2019-03-19 Thread quiddity
On Tue, Mar 19, 2019 at 3:58 AM Svetlana Belkin 
wrote:

> Hello all,
>
> I know there is a FOSS portal


Links/examples almost always help!
I'd guess you mean this page or the pages it links to:
https://meta.wikimedia.org/wiki/FLOSS-Exchange
but many other people won't know what you're referring to. Please include
links when talking about something specific!
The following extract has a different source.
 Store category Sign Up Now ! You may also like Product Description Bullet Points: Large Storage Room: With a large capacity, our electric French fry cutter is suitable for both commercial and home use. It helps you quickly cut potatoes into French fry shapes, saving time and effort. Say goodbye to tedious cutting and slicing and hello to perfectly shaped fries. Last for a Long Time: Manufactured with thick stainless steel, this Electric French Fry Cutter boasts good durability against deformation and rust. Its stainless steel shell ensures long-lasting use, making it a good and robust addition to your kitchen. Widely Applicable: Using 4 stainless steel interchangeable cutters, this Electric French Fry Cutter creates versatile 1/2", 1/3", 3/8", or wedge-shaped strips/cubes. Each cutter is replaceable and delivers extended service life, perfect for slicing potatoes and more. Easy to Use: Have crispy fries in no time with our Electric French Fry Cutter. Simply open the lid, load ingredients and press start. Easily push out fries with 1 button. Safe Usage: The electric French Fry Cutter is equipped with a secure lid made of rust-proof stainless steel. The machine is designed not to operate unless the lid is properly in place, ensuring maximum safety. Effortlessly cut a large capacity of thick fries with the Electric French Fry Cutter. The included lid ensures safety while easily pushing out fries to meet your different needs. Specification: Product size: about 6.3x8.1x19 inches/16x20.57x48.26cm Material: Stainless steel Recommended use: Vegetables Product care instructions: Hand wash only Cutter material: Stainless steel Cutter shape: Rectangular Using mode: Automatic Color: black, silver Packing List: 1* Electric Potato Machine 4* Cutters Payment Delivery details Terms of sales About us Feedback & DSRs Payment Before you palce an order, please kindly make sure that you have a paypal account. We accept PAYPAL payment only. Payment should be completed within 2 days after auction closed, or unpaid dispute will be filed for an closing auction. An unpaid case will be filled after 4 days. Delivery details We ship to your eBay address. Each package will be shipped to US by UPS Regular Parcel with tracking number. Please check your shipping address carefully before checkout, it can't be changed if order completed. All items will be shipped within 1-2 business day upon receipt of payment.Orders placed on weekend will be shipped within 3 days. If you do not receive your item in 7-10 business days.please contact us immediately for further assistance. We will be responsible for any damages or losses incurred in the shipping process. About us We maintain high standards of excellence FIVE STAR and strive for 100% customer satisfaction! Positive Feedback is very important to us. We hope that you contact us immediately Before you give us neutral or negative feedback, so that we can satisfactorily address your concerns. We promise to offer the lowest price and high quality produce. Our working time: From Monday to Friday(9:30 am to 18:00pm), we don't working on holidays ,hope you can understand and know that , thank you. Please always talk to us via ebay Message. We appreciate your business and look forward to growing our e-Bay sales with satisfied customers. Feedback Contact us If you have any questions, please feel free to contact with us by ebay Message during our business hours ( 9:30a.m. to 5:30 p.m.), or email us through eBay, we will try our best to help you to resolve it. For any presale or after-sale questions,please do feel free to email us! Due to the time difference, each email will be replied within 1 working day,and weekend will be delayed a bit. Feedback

but are there any portals for other Open *
> topics, such as Open Science (including citizen science), Open Access,
>

Yes!
https://meta.wikimedia.org/wiki/Open_access


> ect.?


Maybe these (from a very quick search)
https://meta.wikimedia.org/wiki/Research:Index
https://meta.wikimedia.org/wiki/WikiCite
https://www.wikidata.org/wiki/Wikidata:Open_data_publishing
and dozens of other local, or smaller, or older pages such as
https://en.wikiversity.org/wiki/Wikimedia_Deutschland/Open_Science_Fellows_Program
https://meta.wikimedia.org/wiki/Wikimedian_in_Residence_on_Open_Science


> The rationale behind is to have these portals as umbrella groups
> for resources and what's there in these big movement topics and have
> them in one place- which is Wikipedia. Would this idea be worth it for
> the other movements?
>

Yes, please do update / improve the documentation.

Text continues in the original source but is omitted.